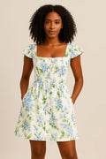 Met zijn delicate bloemenprint en vleiende korte snit is deze witte mini-jurk een ode aan vrouwelijke zomerstijl. De volantmouwen geven een romantisch tintje terwijl het knoopsluitende lijfje de silhouet elegant structureert. Een licht en stralend model, perfect om je zonnige dagen te verfraaien.
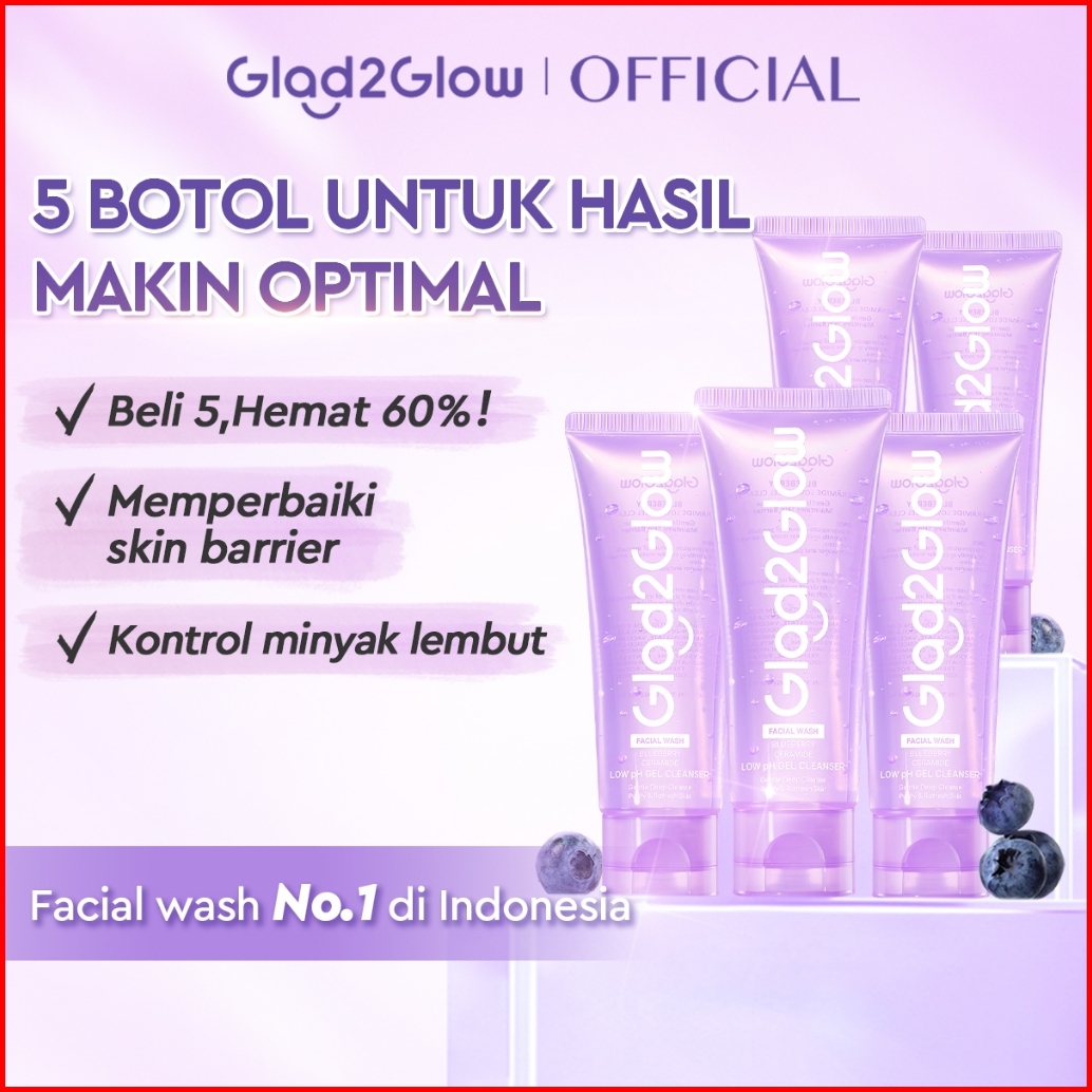 Beli 5 Hemat 60 Glad2glow Blueberry Ceramide Low Ph Gel Cleanser 5pcs 7 Hari Memperbaiki Skin Barrier Kontrol Minyak Lem
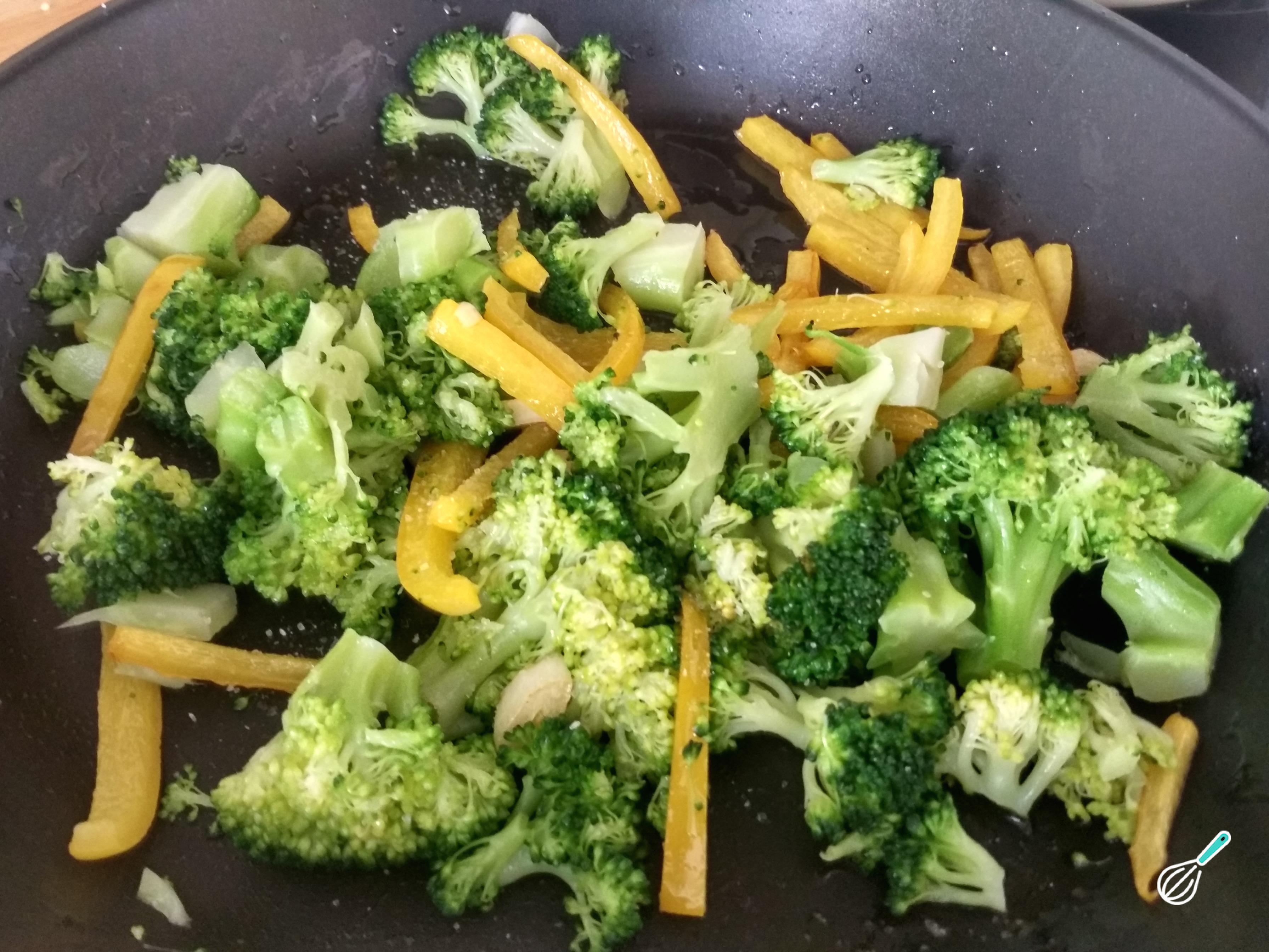 Em seguida, adicione o brócolis cozido cortado em floretes e tempere com um pouco de sal. Deixe cozinhar por alguns minutos.

***

- **Task prompt**: The data is to be returned exactly as it stands, pictures aside.

- **Answer for this exercise**:
 Met zijn delicate bloemenprint en vleiende korte snit is deze witte mini-jurk een ode aan vrouwelijke zomerstijl. De volantmouwen geven een romantisch tintje terwijl het knoopsluitende lijfje de silhouet elegant structureert. Een licht en stralend model, perfect om je zonnige dagen te verfraaien.
 Beli 5 Hemat 60 Glad2glow Blueberry Ceramide Low Ph Gel Cleanser 5pcs 7 Hari Memperbaiki Skin Barrier Kontrol Minyak Lem
 Em seguida, adicione o brócolis cozido cortado em floretes e tempere com um pouco de sal. Deixe cozinhar por alguns minutos.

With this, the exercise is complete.